• **ASSIGNMENT**: Reproduce the records that follow without alteration, apart from removing the pictures.

Records from a collection
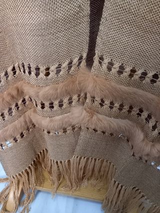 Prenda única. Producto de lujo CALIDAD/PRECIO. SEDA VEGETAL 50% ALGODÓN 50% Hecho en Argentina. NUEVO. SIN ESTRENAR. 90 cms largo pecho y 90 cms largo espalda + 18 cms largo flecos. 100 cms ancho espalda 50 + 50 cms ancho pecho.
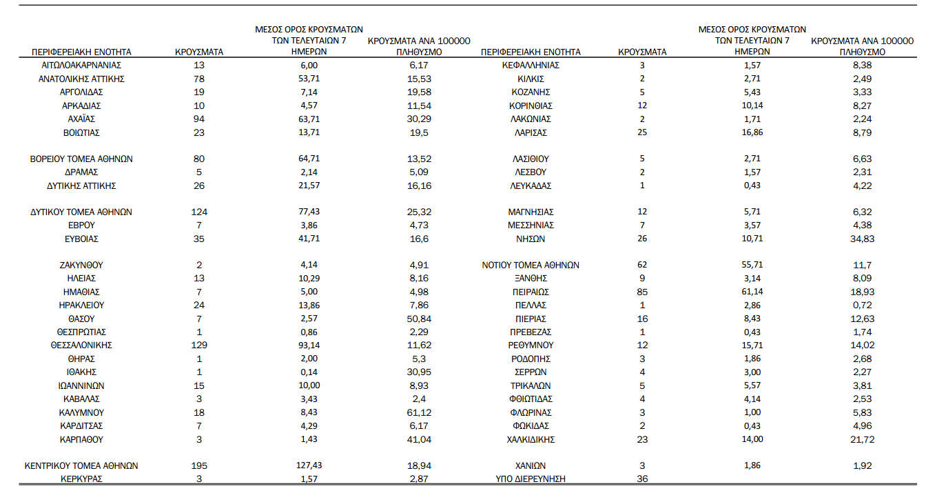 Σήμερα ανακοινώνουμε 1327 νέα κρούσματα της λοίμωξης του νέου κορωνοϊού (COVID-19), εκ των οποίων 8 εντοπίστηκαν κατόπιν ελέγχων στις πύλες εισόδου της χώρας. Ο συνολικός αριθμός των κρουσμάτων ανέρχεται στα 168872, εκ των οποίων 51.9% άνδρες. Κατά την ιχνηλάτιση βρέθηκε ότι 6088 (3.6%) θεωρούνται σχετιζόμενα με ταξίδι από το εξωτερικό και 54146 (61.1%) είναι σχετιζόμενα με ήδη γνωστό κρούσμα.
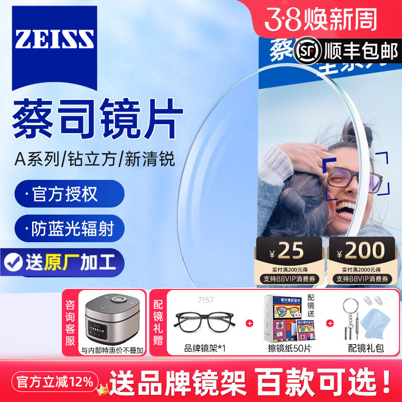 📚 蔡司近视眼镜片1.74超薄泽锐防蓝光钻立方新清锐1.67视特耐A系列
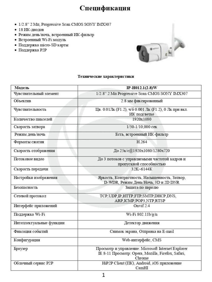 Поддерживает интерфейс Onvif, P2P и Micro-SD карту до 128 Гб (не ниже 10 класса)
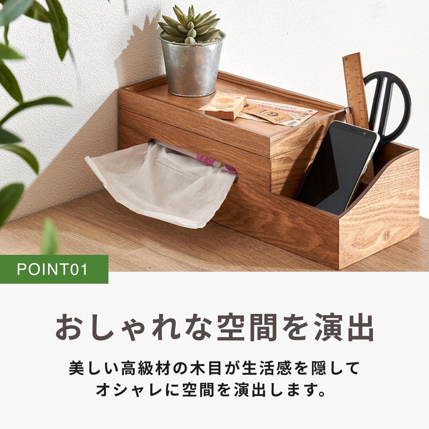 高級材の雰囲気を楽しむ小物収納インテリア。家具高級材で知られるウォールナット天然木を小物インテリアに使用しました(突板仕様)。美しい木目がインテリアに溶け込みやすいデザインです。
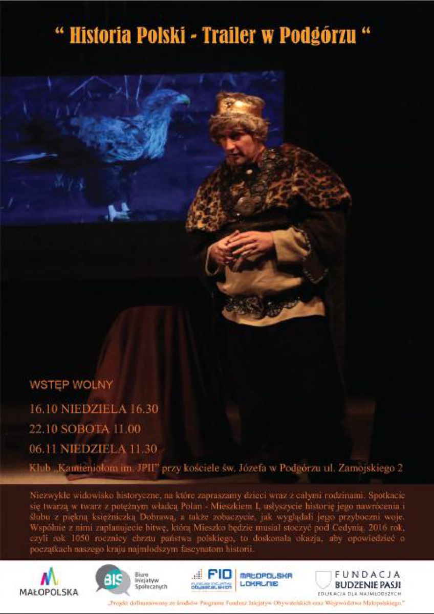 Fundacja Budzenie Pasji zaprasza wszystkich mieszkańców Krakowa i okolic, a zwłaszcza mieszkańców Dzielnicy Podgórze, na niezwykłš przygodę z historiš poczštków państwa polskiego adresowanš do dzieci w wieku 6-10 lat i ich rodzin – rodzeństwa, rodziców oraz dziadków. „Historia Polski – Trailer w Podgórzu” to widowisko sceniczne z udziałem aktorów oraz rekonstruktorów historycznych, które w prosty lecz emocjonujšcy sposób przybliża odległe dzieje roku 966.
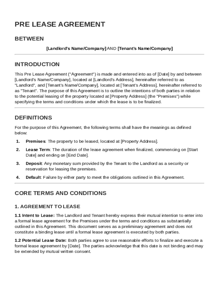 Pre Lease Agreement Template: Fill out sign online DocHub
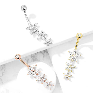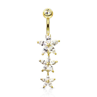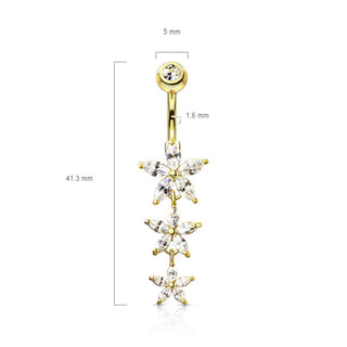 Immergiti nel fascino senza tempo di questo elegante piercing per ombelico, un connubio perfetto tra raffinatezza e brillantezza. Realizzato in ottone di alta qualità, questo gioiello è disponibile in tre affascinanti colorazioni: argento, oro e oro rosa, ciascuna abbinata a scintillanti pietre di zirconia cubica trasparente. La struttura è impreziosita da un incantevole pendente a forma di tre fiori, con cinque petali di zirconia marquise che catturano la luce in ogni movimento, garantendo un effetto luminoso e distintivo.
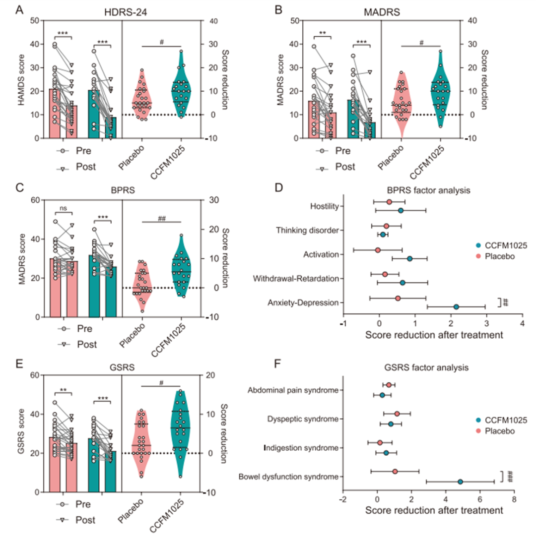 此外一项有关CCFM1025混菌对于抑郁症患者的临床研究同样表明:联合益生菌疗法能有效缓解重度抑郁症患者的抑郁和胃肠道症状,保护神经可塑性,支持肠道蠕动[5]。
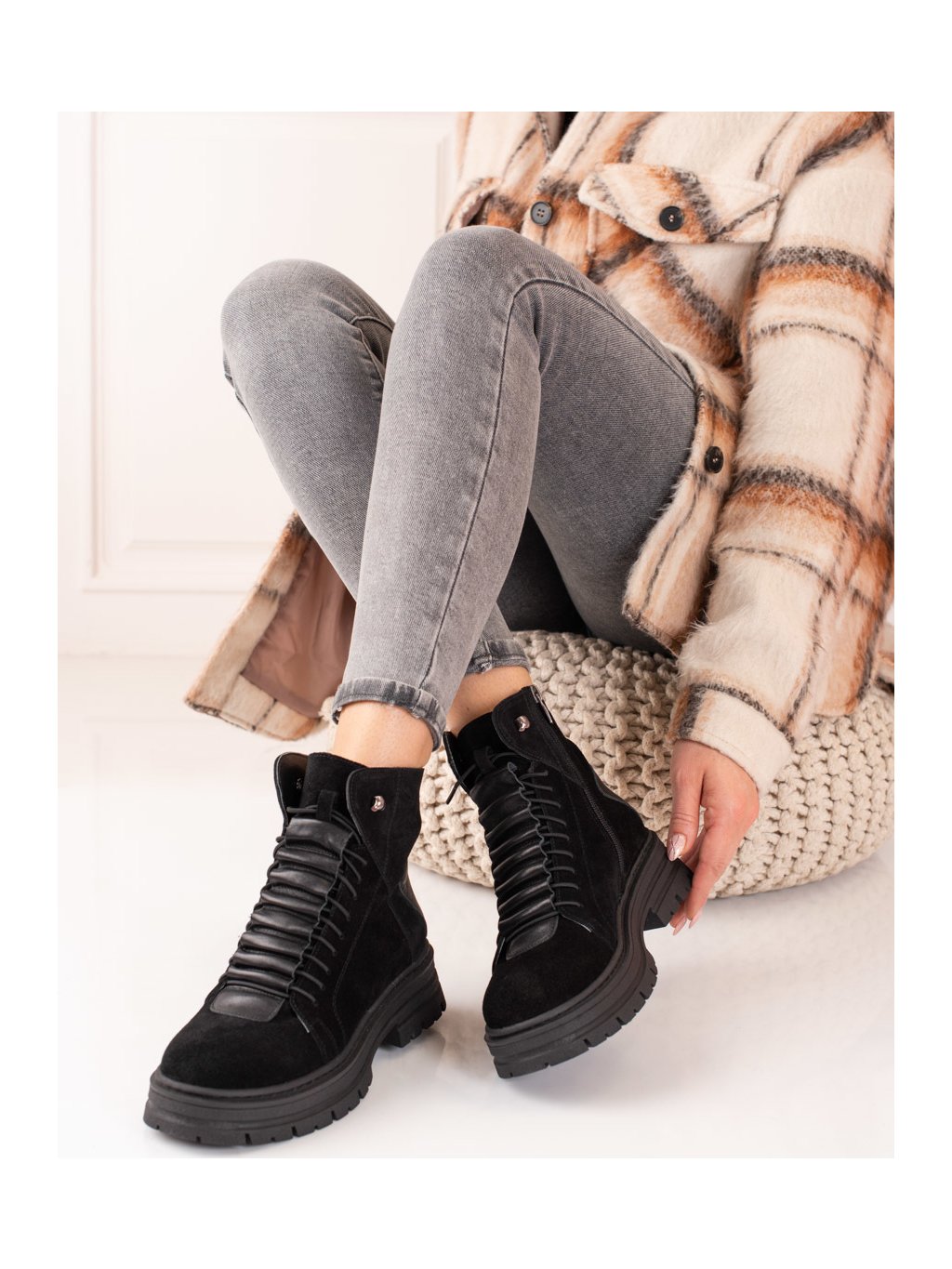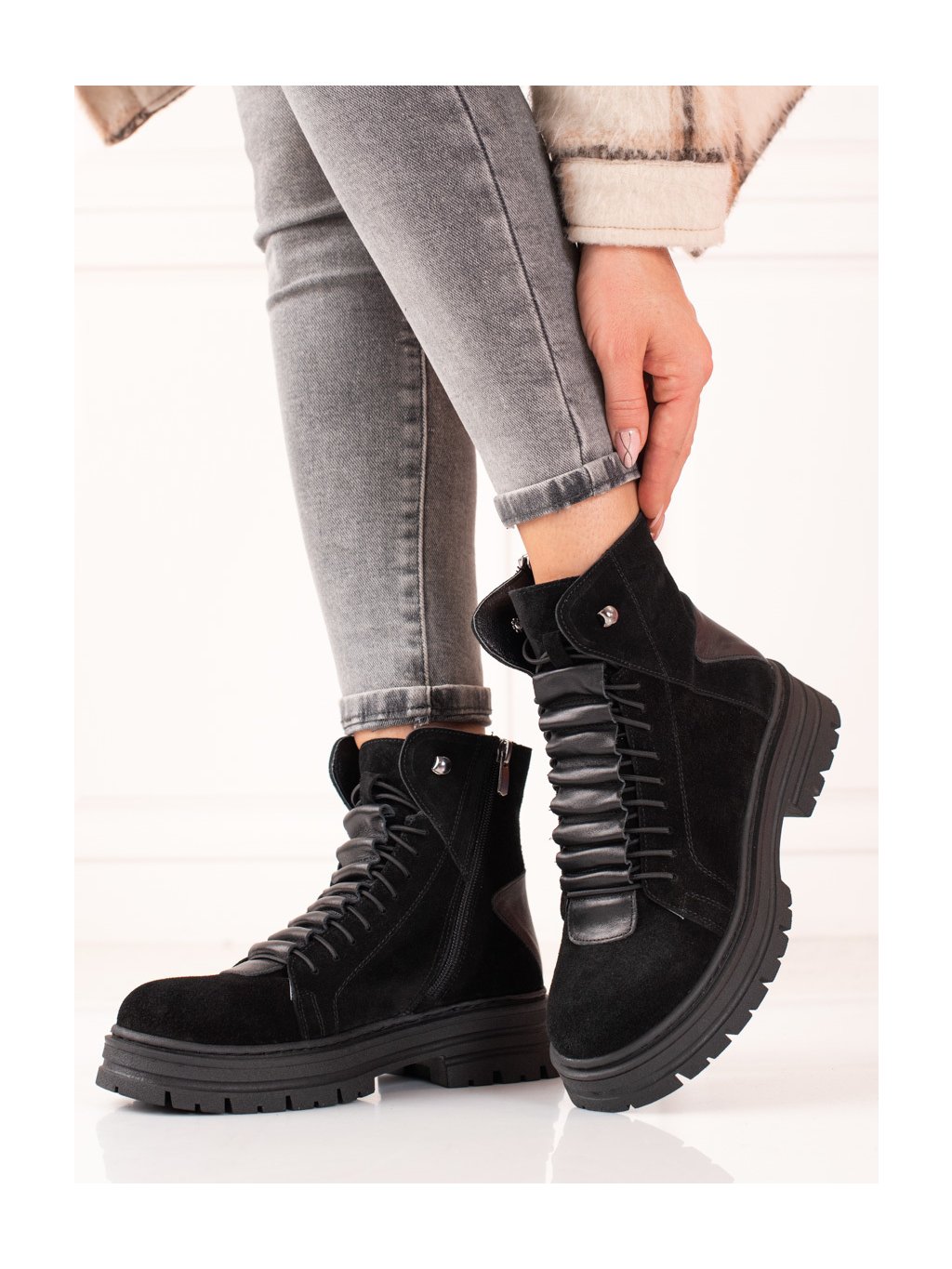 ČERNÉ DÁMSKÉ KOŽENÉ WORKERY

• **ANSWER TO THIS TASK**:
 Prenda única. Producto de lujo CALIDAD/PRECIO. SEDA VEGETAL 50% ALGODÓN 50% Hecho en Argentina. NUEVO. SIN ESTRENAR. 90 cms largo pecho y 90 cms largo espalda + 18 cms largo flecos. 100 cms ancho espalda 50 + 50 cms ancho pecho.
 Σήμερα ανακοινώνουμε 1327 νέα κρούσματα της λοίμωξης του νέου κορωνοϊού (COVID-19), εκ των οποίων 8 εντοπίστηκαν κατόπιν ελέγχων στις πύλες εισόδου της χώρας. Ο συνολικός αριθμός των κρουσμάτων ανέρχεται στα 168872, εκ των οποίων 51.9% άνδρες. Κατά την ιχνηλάτιση βρέθηκε ότι 6088 (3.6%) θεωρούνται σχετιζόμενα με ταξίδι από το εξωτερικό και 54146 (61.1%) είναι σχετιζόμενα με ήδη γνωστό κρούσμα.
 📚 蔡司近视眼镜片1.74超薄泽锐防蓝光钻立方新清锐1.67视特耐A系列
 Поддерживает интерфейс Onvif, P2P и Micro-SD карту до 128 Гб (не ниже 10 класса)
 高級材の雰囲気を楽しむ小物収納インテリア。家具高級材で知られるウォールナット天然木を小物インテリアに使用しました(突板仕様)。美しい木目がインテリアに溶け込みやすいデザインです。
 Fundacja Budzenie Pasji zaprasza wszystkich mieszkańców Krakowa i okolic, a zwłaszcza mieszkańców Dzielnicy Podgórze, na niezwykłš przygodę z historiš poczštków państwa polskiego adresowanš do dzieci w wieku 6-10 lat i ich rodzin – rodzeństwa, rodziców oraz dziadków. „Historia Polski – Trailer w Podgórzu” to widowisko sceniczne z udziałem aktorów oraz rekonstruktorów historycznych, które w prosty lecz emocjonujšcy sposób przybliża odległe dzieje roku 966.
 Pre Lease Agreement Template: Fill out sign online DocHub
 Immergiti nel fascino senza tempo di questo elegante piercing per ombelico, un connubio perfetto tra raffinatezza e brillantezza. Realizzato in ottone di alta qualità, questo gioiello è disponibile in tre affascinanti colorazioni: argento, oro e oro rosa, ciascuna abbinata a scintillanti pietre di zirconia cubica trasparente. La struttura è impreziosita da un incantevole pendente a forma di tre fiori, con cinque petali di zirconia marquise che catturano la luce in ogni movimento, garantendo un effetto luminoso e distintivo.
 此外一项有关CCFM1025混菌对于抑郁症患者的临床研究同样表明:联合益生菌疗法能有效缓解重度抑郁症患者的抑郁和胃肠道症状,保护神经可塑性,支持肠道蠕动[5]。
 ČERNÉ DÁMSKÉ KOŽENÉ WORKERY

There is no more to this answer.